╭─ Raw data

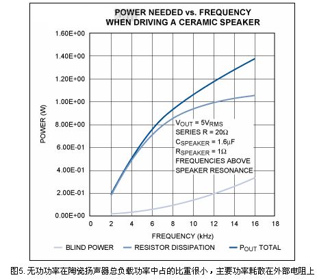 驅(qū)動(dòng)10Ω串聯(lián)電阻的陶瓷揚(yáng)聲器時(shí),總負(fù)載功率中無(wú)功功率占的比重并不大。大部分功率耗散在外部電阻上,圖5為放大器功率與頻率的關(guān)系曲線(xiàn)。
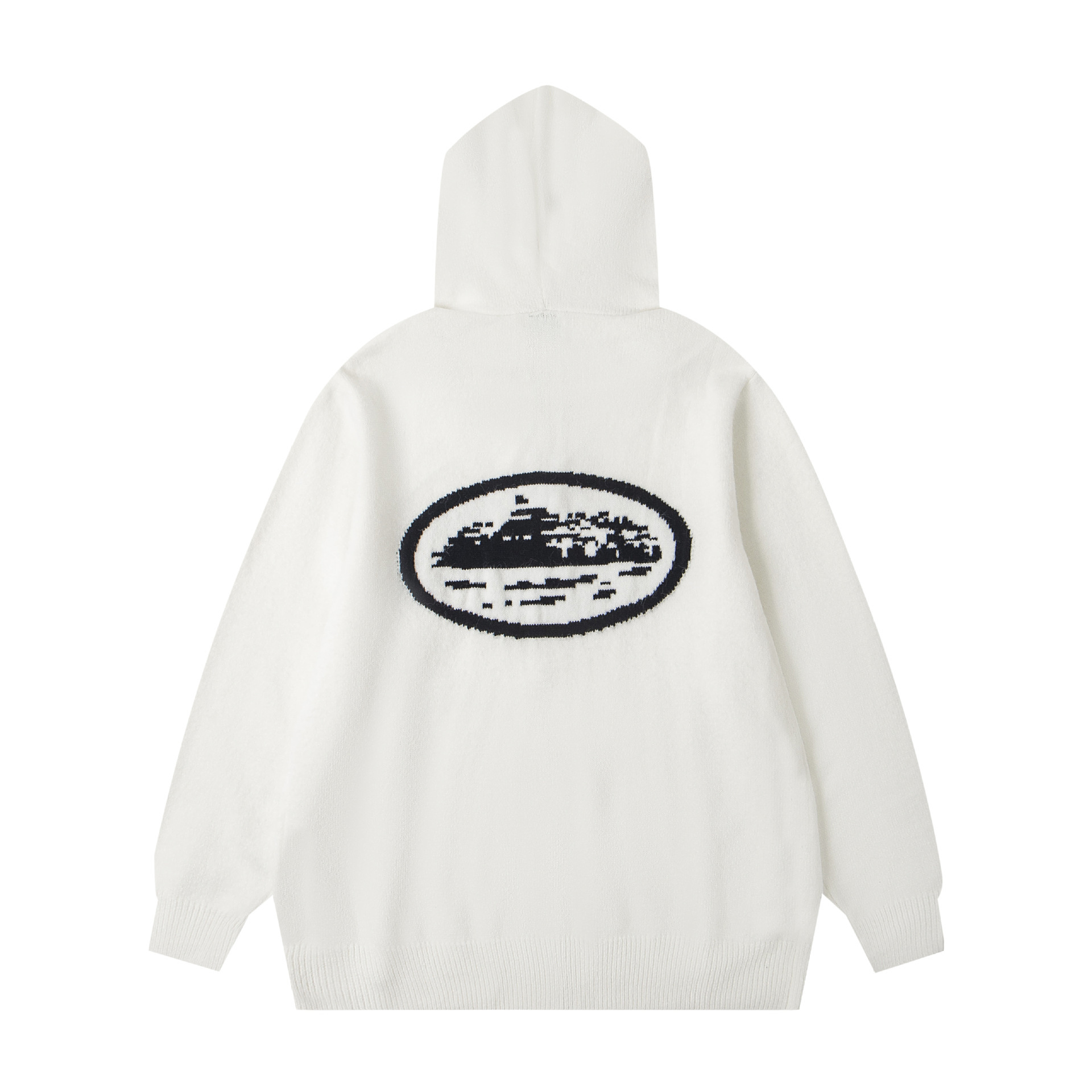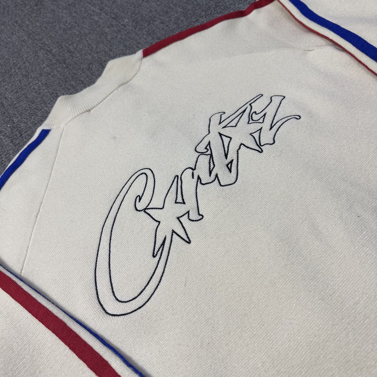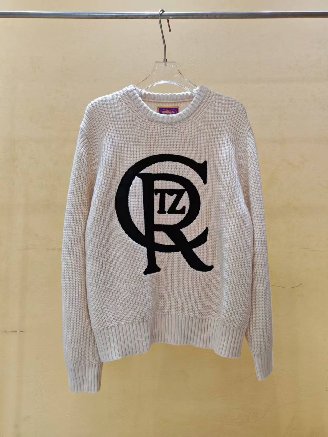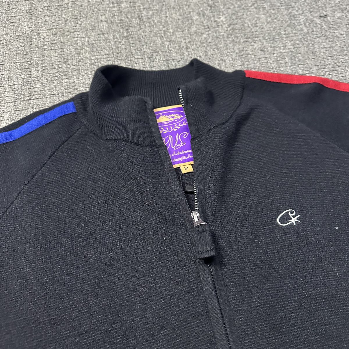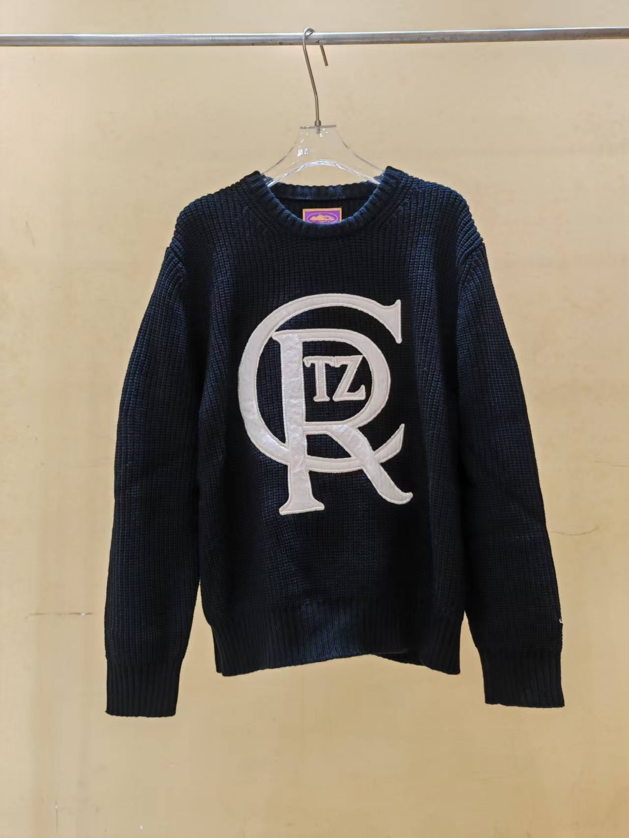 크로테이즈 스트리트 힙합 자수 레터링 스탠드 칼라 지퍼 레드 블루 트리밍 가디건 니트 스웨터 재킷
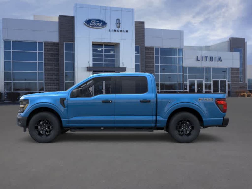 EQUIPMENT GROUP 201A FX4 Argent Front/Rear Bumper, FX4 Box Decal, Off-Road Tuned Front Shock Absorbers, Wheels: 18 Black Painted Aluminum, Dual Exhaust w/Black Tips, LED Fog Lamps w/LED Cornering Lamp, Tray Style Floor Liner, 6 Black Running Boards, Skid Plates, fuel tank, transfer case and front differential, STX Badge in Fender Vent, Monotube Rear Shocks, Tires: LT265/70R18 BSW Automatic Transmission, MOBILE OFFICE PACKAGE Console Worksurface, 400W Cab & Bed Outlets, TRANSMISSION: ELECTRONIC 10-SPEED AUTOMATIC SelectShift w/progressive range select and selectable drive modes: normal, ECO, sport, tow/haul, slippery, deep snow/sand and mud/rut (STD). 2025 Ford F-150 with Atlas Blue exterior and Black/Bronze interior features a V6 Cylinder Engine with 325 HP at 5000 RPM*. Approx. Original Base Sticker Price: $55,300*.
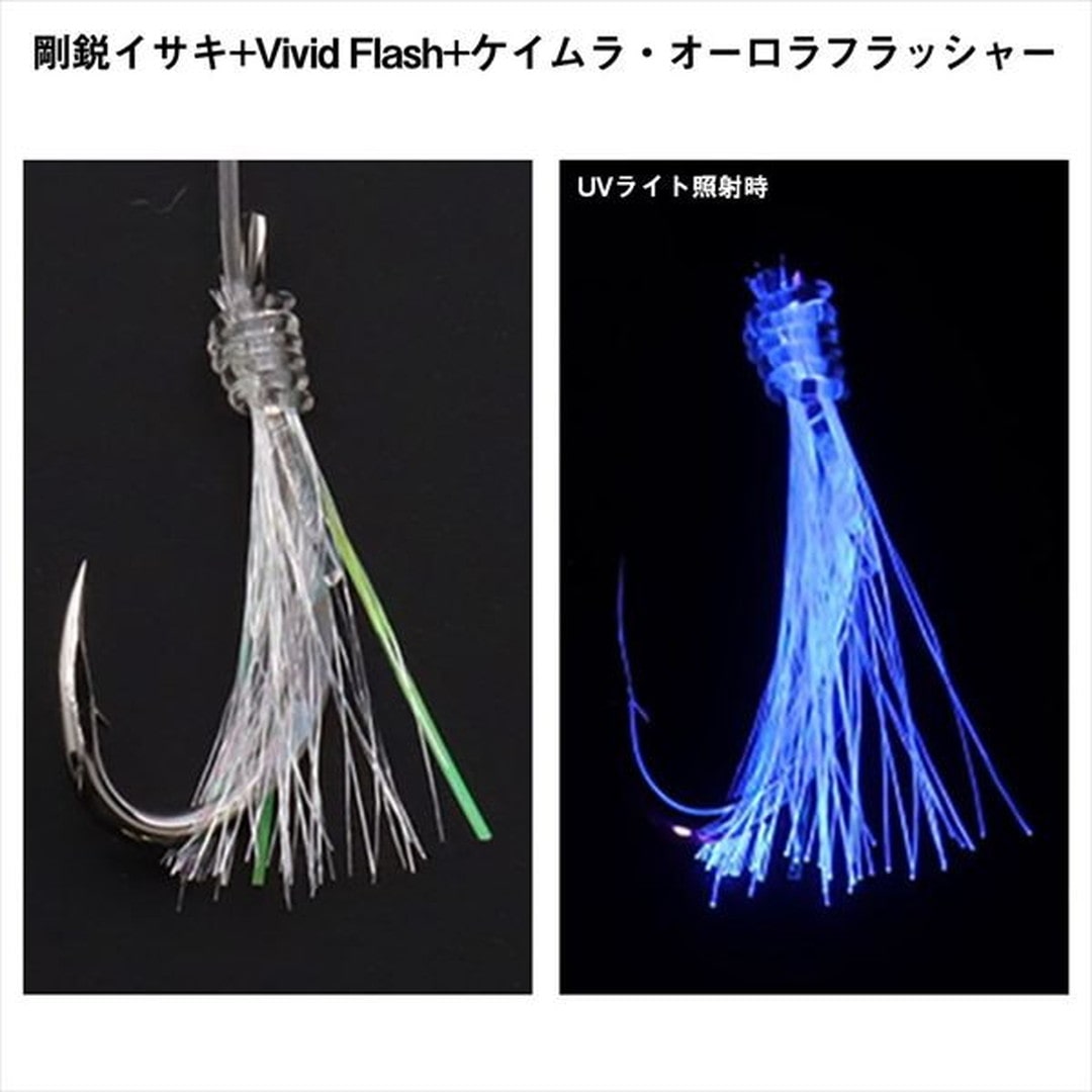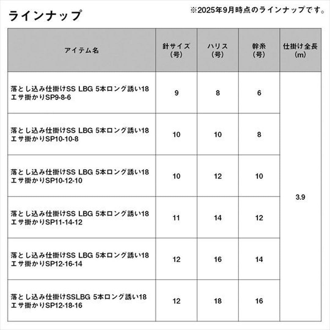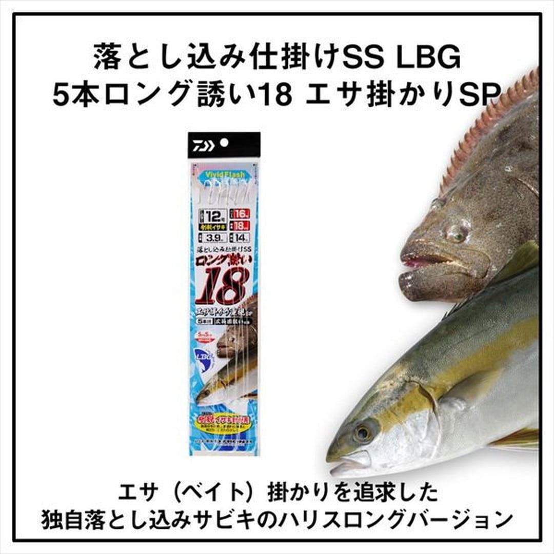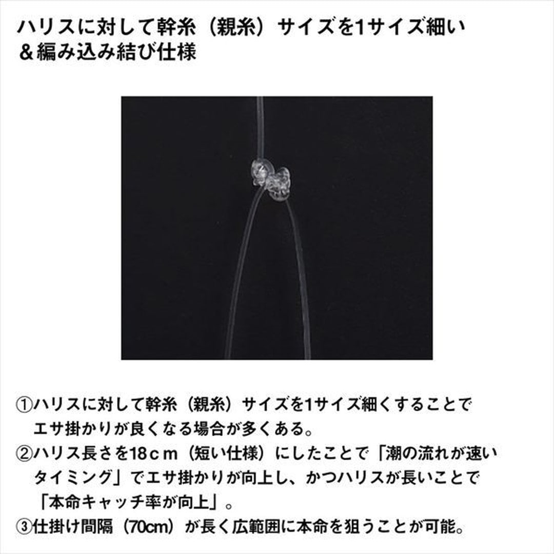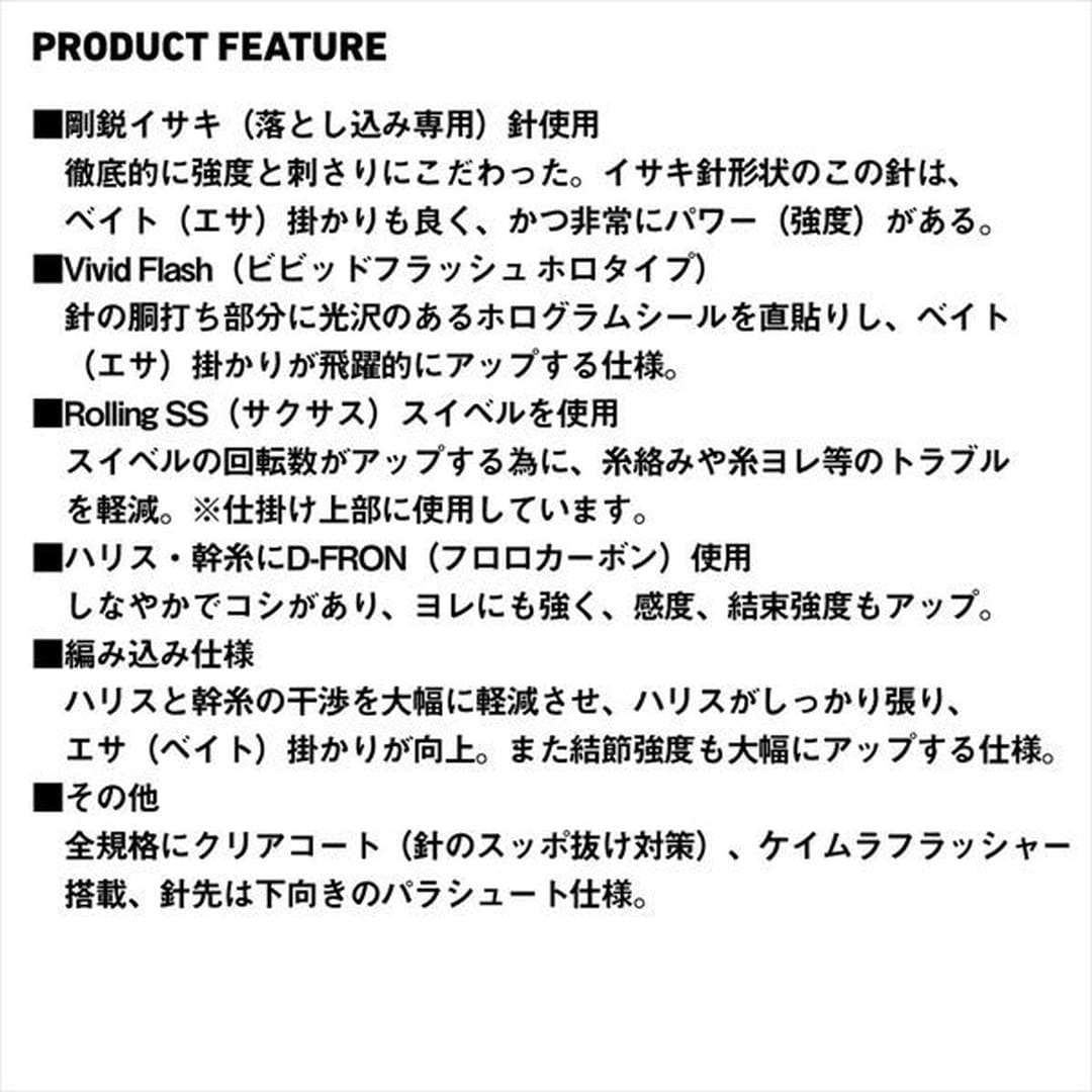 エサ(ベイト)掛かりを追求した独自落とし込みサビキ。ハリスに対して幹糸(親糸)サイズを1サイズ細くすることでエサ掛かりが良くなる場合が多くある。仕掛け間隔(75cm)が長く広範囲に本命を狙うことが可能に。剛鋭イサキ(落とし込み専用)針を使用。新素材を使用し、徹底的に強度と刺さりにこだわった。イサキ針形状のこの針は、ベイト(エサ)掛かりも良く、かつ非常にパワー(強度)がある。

╰─

Requirement: Exactly reproduce the run of lines from the start of the listing through the line with "크로테이즈 스트리트 힙합", inclusive; pictures are not copied.

Answer area:
 驅(qū)動(dòng)10Ω串聯(lián)電阻的陶瓷揚(yáng)聲器時(shí),總負(fù)載功率中無(wú)功功率占的比重并不大。大部分功率耗散在外部電阻上,圖5為放大器功率與頻率的關(guān)系曲線(xiàn)。
 크로테이즈 스트리트 힙합 자수 레터링 스탠드 칼라 지퍼 레드 블루 트리밍 가디건 니트 스웨터 재킷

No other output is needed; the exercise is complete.